See here for more information on why security matters.
“I think this would be good for my business but I don’t think it is something I can afford right now.”
Totally understandable. There are a variety of factors that go into price. You may be early in your organization's development or your security budget is smaller due to uncertain economic conditions. Software Secured offers a variety of services, at a myriad of prices. Just because your security budget is not at enterprise levels, doesn’t mean you can’t have enterprise security. Contact us below to chat with our team to find a solution that fits your business.
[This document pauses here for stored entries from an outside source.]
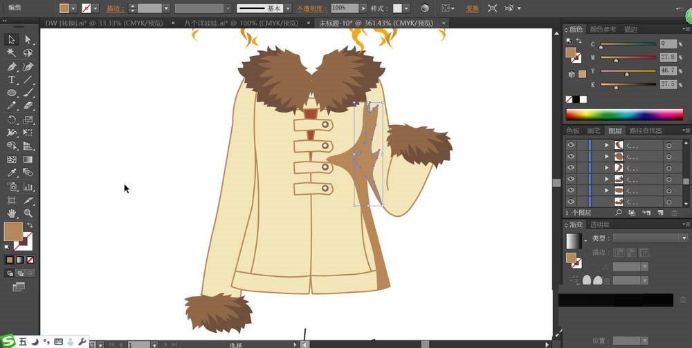 我们用不同明度的咖啡色与米黄色来搭配填充毛领、袖口还有上衣的主体区域,暗光区域设计在上衣的右侧,我们用淡咖啡色填充。
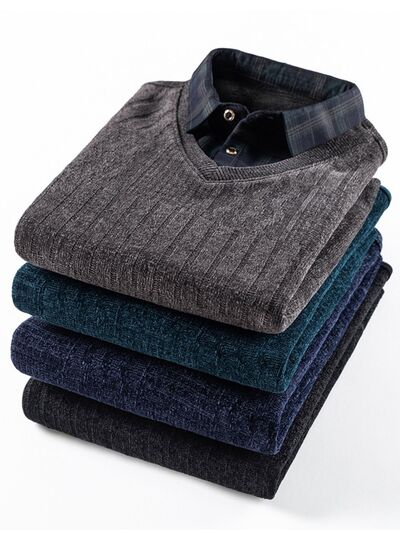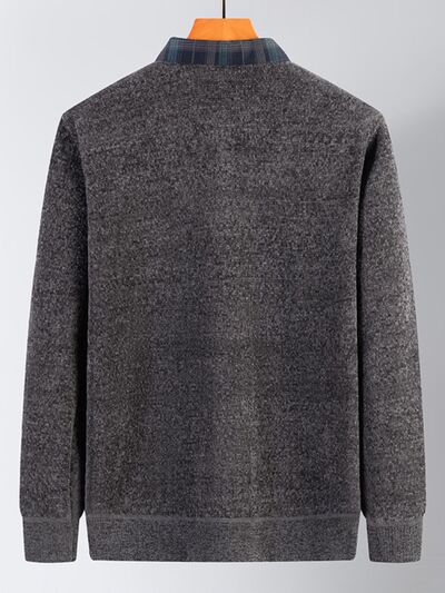 Men's Plus Size Layered Look Plaid Collar Sweater
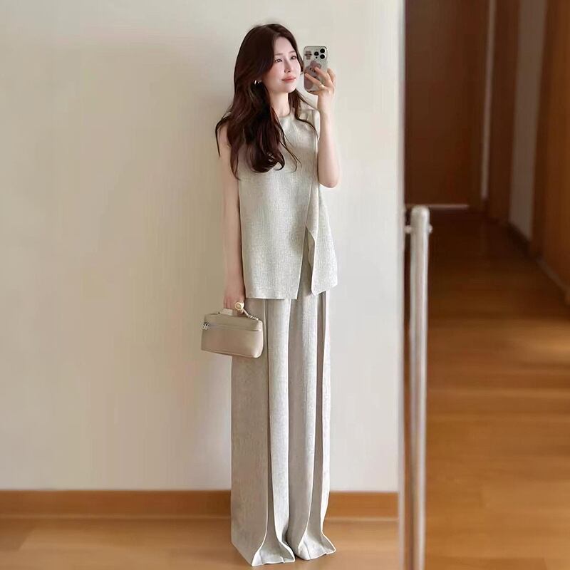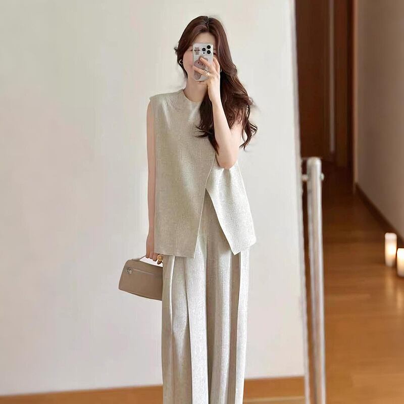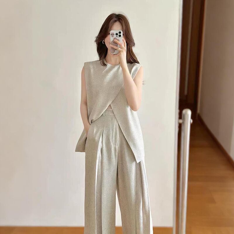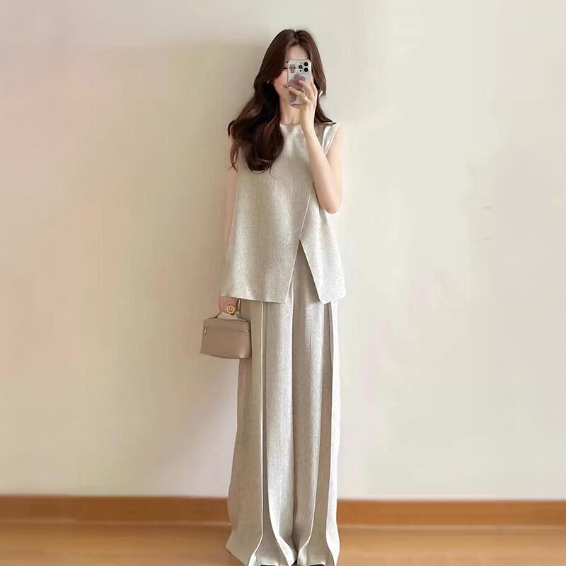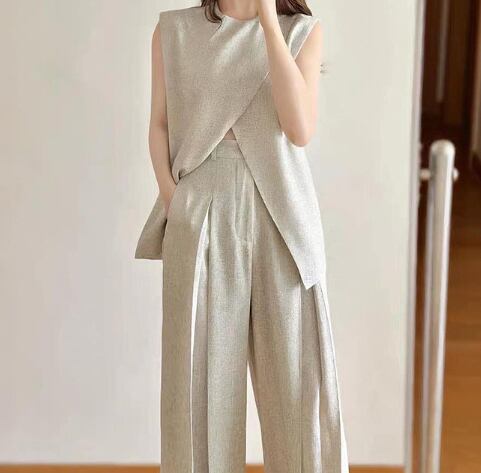 ノースリーブトップスとワイドパンツを組み合わせた、洗練されたレディースセットアップ。アシンメトリーなデザインのトップスがモードな印象を与え、ゆったりとしたパンツが脚長効果を叶えます。
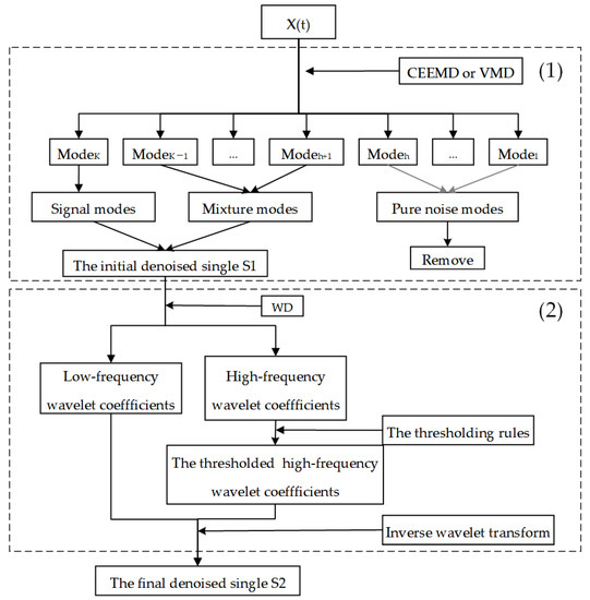 Wavelet denoising (WD) is an essential application of wavelet analysis, in which the wavelet coefficients are handled by a threshold rule in the decomposition and reconstruction of the signal through the wavelet transform. The procedure of WD can be accomplished in three stages [16,37,38]: firstly, the noisy signal is decomposed by applying the wavelet transform with orthogonal scaling functions and wavelet functions to obtain a sequence of wavelet coefficients comprising high-frequency and low-frequency components. Then, a thresholding rule is used for high-frequency coefficients. Finally, the denoised signal is derived by reconstructing the coefficients using the inverse wavelet transform operation.
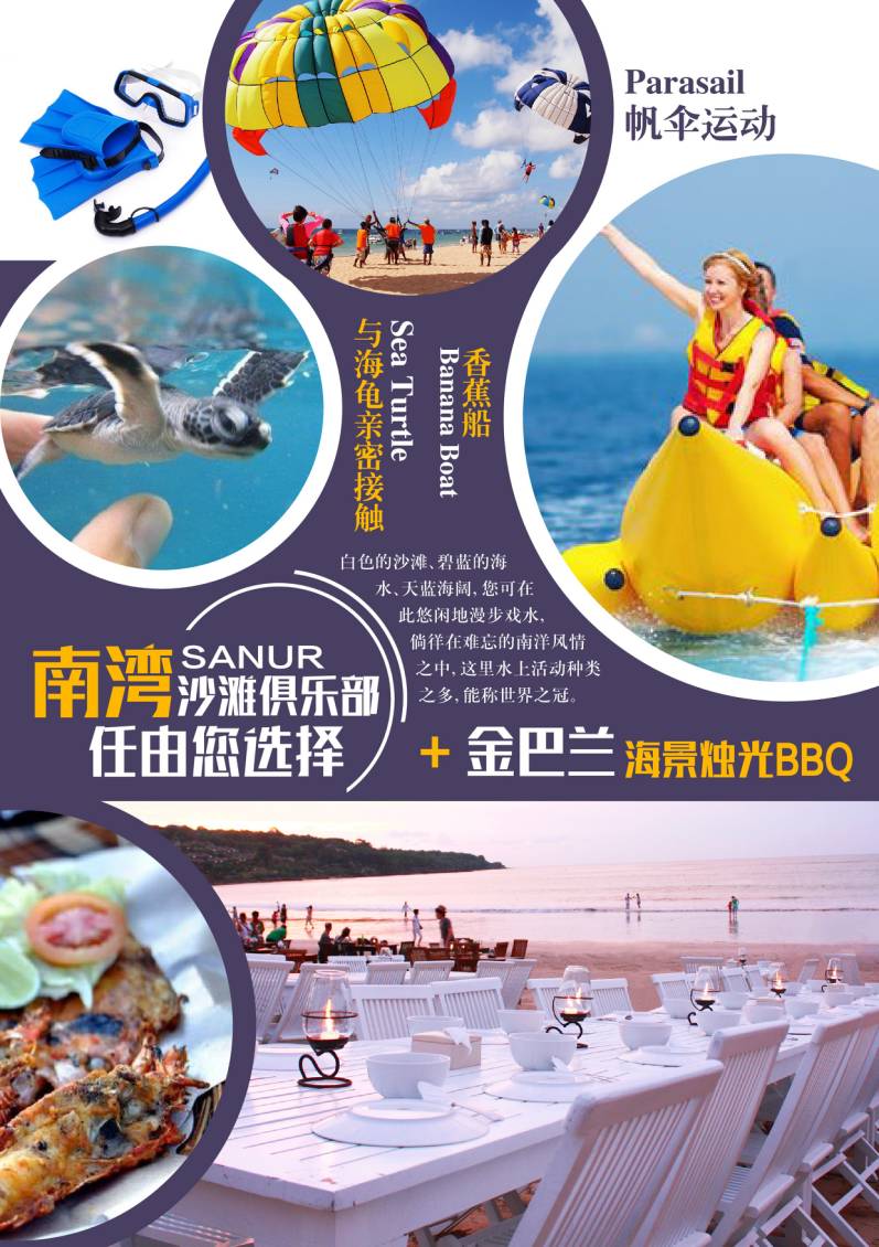 【南湾沙滩俱乐部】南湾位于巴厘岛最南端,是水上活动的主要区域。在这里可以游客可以个人爱好自费选择参加拖曳伞、水上摩托车等活动。

Security can be practiced in your organization in a variety of ways, and it doesn't always have to be expensive. If penetration testing isn't something you can afford in your security budget now, you should still consider practicing other easily integratabtle security practices. By integrating these practices, it's easier to earn compliance and grow your app in the future. Want to see how? Download the CTO playbook
here.
“I can get a cheaper penetration test elsewhere.”
This is true. There are a variety of penetration testing companies that offer penetration testing cheaper than Software Secured. The problem is, many pentesting providers on the market offer automated, mimic open-source scanners, and don’t often take the extra steps to really understand your application. Software Secured’s main priority is quality in security. Our team of experienced ethical hackers dedicate a copious amount of time to understanding your application logic through threat modeling, performing reconnaissance, manually testing deep layers of your application, and reporting detailed findings (with steps to duplicate & remediate so that you’re sure there’s no false positives). If price is your main focus, we might not be for your organization. If you are focused on quality and customer support through the pentest & post-test processes – we are the company for you.
"I want to take care of the low-hanging fruit before getting a penetration test."
There should be no need to pre-patch vulnerabilities for a pentest to appear more secure on your pentest. The point of a pentest is to mimic a real-life attack on your system based on the actual security procedures and systems that you practice day-to-day.